→ **What the task requires**
All that is wanted is a word-for-word copy of the line with "图2. 水铁矿还原促进Clostridium pasteurianum 产氢途径" and every line after it in the data below.

→ **Source data**
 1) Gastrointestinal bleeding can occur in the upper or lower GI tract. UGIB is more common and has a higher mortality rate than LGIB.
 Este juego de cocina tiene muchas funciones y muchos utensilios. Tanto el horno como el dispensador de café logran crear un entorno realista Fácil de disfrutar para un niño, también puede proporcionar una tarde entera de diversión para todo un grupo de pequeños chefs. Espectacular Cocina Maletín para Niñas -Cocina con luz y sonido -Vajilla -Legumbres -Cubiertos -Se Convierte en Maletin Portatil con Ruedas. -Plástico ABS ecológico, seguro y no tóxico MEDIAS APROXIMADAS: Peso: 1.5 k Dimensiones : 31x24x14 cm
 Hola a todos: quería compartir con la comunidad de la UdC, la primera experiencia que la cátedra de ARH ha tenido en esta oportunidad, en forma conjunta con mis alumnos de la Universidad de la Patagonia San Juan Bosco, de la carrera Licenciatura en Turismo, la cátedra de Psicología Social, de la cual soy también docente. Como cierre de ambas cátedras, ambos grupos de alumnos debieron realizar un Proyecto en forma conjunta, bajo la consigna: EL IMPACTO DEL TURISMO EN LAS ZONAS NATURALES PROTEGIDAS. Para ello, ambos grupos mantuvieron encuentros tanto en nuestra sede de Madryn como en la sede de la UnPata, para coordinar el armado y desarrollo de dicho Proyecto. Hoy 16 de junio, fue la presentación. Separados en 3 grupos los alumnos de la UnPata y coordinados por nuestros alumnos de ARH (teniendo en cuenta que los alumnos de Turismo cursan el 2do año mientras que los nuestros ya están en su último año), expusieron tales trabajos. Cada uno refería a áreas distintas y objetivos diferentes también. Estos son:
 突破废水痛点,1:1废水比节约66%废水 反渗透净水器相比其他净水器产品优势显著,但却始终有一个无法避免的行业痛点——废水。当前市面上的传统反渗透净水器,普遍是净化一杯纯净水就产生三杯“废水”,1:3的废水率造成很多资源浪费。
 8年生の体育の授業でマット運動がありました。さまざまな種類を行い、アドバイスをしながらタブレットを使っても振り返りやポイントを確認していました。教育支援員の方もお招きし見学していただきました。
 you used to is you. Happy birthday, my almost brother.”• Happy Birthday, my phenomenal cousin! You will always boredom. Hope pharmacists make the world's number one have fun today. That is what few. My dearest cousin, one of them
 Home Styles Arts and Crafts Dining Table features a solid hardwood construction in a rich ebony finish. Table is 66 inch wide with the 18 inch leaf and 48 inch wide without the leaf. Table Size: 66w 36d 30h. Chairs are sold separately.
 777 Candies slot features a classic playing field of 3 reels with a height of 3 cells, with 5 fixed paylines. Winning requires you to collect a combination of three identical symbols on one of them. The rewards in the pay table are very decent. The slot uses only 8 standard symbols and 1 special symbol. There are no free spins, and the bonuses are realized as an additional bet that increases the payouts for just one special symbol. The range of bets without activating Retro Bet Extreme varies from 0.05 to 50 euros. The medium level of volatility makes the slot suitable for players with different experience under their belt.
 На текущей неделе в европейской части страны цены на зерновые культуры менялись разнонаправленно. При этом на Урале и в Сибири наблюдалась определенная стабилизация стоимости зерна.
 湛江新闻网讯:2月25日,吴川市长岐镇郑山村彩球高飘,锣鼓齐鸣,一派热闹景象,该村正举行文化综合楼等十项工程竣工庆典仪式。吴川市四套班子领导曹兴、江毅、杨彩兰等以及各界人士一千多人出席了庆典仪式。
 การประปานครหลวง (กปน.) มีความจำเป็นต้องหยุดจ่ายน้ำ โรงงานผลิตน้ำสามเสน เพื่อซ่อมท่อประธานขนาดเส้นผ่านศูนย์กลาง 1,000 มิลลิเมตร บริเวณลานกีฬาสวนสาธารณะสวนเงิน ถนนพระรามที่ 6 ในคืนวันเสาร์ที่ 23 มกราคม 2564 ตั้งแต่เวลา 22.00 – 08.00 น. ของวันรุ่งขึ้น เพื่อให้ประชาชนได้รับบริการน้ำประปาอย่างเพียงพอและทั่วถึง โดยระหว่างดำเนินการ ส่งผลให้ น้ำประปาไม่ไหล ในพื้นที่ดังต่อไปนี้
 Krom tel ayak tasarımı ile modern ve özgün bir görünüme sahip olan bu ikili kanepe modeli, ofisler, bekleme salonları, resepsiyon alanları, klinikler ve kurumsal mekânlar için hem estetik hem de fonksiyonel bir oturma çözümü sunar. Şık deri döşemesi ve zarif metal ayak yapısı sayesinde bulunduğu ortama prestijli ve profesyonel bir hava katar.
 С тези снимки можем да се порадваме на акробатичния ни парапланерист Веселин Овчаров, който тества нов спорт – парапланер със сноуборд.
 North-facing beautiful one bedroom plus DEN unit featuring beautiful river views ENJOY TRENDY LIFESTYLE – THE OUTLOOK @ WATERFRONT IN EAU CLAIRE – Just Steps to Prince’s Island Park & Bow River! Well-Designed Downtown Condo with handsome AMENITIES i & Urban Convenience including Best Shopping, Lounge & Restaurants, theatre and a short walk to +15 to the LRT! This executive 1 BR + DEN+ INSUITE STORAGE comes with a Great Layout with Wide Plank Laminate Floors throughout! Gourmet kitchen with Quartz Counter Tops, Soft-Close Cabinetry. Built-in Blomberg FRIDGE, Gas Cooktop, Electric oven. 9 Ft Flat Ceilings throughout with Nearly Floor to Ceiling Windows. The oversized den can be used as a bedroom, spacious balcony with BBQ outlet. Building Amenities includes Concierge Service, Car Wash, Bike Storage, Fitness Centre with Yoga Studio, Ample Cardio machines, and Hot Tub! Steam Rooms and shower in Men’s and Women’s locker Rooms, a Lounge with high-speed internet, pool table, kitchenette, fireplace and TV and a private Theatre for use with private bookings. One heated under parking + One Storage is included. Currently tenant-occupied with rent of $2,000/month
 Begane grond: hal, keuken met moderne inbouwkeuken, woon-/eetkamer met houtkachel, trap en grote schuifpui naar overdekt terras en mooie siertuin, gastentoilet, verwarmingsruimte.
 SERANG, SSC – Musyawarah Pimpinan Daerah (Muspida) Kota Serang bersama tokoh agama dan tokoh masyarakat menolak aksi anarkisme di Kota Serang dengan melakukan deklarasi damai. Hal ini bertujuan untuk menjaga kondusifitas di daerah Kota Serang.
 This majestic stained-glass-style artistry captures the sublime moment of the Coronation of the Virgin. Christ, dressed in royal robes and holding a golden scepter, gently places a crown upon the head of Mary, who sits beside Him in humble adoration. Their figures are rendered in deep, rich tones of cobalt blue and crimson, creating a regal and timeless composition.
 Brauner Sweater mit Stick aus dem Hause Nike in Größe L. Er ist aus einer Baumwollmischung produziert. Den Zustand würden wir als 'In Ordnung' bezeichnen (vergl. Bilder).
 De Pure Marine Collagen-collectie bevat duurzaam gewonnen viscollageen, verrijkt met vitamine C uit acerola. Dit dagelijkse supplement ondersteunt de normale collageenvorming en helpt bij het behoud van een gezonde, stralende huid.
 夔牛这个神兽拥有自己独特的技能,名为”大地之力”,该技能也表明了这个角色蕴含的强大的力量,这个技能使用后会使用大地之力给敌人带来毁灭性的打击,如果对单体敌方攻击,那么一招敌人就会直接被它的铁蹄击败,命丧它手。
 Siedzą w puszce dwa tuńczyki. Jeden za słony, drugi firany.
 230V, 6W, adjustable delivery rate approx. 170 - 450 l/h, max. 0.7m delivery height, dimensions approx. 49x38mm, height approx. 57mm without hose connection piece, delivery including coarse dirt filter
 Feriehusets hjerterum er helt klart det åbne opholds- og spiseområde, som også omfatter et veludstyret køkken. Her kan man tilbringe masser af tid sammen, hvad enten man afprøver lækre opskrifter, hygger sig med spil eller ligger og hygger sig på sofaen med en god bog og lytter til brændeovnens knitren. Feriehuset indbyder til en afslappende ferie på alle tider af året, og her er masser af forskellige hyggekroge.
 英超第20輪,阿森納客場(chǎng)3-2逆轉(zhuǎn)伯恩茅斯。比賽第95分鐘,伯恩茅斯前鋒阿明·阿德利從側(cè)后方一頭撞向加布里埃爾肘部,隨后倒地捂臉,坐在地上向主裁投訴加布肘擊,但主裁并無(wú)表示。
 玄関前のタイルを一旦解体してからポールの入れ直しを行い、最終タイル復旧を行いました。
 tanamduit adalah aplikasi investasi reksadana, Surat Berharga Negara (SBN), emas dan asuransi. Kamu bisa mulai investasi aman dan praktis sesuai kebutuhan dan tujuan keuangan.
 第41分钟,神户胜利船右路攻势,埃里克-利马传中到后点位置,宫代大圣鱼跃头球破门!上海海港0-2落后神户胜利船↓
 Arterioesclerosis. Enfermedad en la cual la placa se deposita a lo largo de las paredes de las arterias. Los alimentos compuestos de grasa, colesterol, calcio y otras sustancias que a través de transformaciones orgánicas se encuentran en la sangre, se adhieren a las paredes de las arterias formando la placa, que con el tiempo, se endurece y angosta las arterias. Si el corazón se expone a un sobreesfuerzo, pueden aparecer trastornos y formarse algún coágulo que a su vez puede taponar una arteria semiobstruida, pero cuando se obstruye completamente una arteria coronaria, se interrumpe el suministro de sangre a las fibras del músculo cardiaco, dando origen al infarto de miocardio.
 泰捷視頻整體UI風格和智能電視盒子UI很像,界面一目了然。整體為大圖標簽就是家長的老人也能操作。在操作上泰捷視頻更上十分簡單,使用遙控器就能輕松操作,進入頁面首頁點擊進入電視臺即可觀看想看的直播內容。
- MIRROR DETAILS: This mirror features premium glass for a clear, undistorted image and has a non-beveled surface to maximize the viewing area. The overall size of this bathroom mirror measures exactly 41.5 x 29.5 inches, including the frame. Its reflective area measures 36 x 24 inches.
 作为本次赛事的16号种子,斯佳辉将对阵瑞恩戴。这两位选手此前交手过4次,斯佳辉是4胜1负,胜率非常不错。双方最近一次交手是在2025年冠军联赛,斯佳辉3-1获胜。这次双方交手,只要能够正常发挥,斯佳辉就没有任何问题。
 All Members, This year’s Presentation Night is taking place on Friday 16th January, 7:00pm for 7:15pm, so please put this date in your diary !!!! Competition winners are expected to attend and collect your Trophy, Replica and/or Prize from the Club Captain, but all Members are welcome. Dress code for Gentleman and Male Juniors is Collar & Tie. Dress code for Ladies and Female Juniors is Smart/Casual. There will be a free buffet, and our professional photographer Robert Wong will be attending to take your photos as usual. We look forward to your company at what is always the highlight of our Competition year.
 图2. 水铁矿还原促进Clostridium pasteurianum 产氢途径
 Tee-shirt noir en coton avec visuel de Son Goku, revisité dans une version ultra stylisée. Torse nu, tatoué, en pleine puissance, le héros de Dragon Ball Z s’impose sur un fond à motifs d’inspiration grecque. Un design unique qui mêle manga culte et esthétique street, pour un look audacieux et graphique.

→ **Completed task**
 图2. 水铁矿还原促进Clostridium pasteurianum 产氢途径
 Tee-shirt noir en coton avec visuel de Son Goku, revisité dans une version ultra stylisée. Torse nu, tatoué, en pleine puissance, le héros de Dragon Ball Z s’impose sur un fond à motifs d’inspiration grecque. Un design unique qui mêle manga culte et esthétique street, pour un look audacieux et graphique.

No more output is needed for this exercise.